By default, predict() calculates predictions for every row in newdata. If the user specifies no newdata argument, then the function searches object for the training data (which are only available if object$light is FALSE). It is possible to tailor the behaviour of predict() through the x, y and group arguments. What exactly happens depends on which of these arguments is specified:

  1. If the user specifies x, but no y and group, the function returns - for every group in newdata - predictions at the specified x values. This method will use the data from newdata.

  2. If the user specifies x and y but no group, the function forms a hypothetical new group with the x and y values. This method uses no information from newdata, and also works for a light brokenstick object.

  3. If the user specifies group, but no x or y, the function searches for the relevant data in newdata and limits its predictions to those groups. This is useful if the user needs a prediction for only one or a few groups. This does not work for a light brokenstick object.

  4. If the user specifies x and group, but no y, the function will create new values for x in each group, search for the relevant data in newdata and provide predictions at values of x in those groups.

  5. If the user specifies x, y and group, the function assumes that these vectors contain additional data on top on what is already available in newdata. The lengths of x, y and group must match. For a light brokenstick object, case effectively becomes case 6. See below.

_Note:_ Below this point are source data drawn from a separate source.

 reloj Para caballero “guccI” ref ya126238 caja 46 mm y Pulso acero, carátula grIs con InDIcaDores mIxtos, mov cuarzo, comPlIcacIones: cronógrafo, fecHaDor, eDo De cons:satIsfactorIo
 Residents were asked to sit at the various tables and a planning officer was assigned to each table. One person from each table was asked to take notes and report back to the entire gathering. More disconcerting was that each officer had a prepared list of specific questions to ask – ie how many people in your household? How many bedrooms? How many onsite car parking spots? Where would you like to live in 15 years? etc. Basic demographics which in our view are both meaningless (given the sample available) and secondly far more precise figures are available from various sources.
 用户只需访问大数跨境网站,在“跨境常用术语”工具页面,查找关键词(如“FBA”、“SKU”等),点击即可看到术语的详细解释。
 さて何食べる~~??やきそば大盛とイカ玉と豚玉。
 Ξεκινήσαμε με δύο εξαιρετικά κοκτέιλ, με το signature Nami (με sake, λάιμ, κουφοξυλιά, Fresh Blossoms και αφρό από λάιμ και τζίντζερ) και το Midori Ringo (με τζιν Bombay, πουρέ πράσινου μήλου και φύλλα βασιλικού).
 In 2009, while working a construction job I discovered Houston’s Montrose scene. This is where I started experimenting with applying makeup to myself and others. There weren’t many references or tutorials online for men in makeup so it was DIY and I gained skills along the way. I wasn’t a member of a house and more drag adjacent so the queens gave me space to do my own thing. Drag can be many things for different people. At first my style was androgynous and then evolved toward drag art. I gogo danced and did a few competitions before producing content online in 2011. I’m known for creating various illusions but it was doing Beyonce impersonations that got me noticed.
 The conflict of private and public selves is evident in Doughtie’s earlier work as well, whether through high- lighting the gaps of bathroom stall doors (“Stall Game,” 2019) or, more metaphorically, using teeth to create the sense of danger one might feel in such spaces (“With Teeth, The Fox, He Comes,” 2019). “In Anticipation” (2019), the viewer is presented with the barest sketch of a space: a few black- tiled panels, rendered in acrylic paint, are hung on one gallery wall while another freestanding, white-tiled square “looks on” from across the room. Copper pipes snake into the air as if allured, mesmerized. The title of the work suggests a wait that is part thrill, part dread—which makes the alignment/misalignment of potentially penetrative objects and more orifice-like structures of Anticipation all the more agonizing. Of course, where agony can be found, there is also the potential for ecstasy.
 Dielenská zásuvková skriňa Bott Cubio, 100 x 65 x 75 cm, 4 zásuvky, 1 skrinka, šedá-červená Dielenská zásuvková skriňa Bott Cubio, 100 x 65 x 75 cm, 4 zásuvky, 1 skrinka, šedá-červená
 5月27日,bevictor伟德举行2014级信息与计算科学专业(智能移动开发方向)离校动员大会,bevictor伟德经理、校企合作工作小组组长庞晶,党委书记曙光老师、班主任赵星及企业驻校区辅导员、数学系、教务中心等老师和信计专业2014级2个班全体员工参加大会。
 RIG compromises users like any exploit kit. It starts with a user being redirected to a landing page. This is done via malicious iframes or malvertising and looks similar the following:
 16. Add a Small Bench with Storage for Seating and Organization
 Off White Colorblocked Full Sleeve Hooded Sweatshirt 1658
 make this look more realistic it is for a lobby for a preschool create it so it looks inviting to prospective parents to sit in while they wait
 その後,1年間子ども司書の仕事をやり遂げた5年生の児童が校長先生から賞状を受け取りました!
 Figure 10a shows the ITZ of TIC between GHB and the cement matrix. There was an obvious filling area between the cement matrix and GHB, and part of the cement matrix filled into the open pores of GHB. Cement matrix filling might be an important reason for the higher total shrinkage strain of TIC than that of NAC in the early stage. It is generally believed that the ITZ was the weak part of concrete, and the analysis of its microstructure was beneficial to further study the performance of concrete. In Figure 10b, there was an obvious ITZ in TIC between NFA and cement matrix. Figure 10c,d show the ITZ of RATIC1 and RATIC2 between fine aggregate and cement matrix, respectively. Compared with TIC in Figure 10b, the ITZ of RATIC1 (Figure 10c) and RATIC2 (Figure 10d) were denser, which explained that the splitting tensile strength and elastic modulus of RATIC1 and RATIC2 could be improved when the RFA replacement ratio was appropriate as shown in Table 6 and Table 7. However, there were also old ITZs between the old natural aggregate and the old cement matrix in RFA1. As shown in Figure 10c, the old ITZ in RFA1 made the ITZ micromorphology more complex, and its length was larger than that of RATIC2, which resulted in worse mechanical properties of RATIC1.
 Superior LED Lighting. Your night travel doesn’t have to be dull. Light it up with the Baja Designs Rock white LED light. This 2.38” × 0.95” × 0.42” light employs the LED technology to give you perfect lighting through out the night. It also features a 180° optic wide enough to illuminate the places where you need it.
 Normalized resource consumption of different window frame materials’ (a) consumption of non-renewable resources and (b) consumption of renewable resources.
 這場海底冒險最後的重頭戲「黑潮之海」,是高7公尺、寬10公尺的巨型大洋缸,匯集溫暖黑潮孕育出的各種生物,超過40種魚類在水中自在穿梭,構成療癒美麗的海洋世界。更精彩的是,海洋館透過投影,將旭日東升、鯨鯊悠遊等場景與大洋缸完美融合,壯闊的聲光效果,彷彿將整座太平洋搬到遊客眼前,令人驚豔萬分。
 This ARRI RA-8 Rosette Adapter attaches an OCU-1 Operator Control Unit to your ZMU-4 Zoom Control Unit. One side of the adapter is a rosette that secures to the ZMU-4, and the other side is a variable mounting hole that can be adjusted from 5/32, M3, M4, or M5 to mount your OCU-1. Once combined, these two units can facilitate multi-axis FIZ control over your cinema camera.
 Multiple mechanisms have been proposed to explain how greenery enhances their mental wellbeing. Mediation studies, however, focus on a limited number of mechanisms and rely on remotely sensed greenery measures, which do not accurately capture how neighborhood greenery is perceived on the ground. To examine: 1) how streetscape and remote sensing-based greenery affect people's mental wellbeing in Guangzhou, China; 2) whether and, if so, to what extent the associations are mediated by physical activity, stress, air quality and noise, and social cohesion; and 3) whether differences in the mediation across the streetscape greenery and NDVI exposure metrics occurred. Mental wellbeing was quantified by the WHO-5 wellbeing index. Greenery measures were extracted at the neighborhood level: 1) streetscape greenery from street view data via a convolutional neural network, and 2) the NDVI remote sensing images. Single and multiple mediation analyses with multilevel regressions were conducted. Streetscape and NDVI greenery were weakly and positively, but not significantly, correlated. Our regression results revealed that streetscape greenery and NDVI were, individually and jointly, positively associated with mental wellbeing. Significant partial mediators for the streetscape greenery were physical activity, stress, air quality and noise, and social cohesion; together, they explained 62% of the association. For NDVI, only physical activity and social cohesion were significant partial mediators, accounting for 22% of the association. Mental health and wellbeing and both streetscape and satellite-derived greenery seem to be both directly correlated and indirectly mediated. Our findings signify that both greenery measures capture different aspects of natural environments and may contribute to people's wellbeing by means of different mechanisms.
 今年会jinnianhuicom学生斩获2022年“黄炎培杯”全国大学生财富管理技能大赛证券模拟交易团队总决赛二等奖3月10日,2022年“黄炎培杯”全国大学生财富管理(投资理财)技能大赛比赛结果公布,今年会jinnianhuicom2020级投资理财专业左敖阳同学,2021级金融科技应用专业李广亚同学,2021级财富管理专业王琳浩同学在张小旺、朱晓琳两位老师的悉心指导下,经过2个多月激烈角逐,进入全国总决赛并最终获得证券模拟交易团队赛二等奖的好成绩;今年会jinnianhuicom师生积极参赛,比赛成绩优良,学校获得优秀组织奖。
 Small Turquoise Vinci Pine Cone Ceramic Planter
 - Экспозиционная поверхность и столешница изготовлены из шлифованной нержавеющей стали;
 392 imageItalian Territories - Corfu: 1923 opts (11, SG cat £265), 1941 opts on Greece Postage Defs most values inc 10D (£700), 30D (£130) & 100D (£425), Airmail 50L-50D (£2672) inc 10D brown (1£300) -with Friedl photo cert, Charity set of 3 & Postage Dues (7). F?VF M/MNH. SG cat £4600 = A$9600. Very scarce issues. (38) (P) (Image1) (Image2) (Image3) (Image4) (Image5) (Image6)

  6. As case 5, but now without newdata available. All data are specified through x, y and group and form a data frame. Matching to newdata is attempted, but as long as group id's are different from the training sample effectively new cases will be made.

Examples

if (FALSE) {
library("dplyr")

# -- Data

train <- smocc_200[1:1198, ]
test <- smocc_200[1199:1940, ]

# -- Fit model

fit <- brokenstick(hgt_z ~ age | id, data = train, knots = 0:3, seed = 1)
fit_light <- brokenstick(hgt_z ~ age | id,
  data = train, knots = 0:3,
  light = TRUE, seed = 1
)

# -- Predict, standard cases

# Use train data, return column with predictions
pred <- predict(fit)
identical(nrow(train), nrow(pred))

# Predict without newdata, not possible for light object
predict(fit_light)

# Use test data
pred <- predict(fit, newdata = test)
identical(nrow(test), nrow(pred))

# Predict, same but using newdata with the light object
pred_light <- predict(fit_light, newdata = test)
identical(pred, pred_light)


# -- Predict, special cases


# -- Case 1: x, -y, -group

# Case 1: x as "knots", standard estimates, train sample (n = 124)
z <- predict(fit, x = "knots", shape = "wide")
head(z, 3)

# Case 1: x as values, linearly interpolated, train sample (n = 124)
z <- predict(fit, x = c(0.5, 1, 1.5), shape = "wide")
head(z, 3)

# Case 1: x as values, linearly interpolated, test sample (n = 76)
z <- predict(fit, test, x = c(0.5, 1, 1.5), shape = "wide")
head(z, 3)


# -- Case 2: x, y, -group

# Case 2: form one new group with id = 0
predict(fit, x = "knots", y = c(1, 1, 0.5, 0), shape = "wide")

# Case 2: works also for a light object
predict(fit_light, x = "knots", y = c(1, 1, 0.5, 0), shape = "wide")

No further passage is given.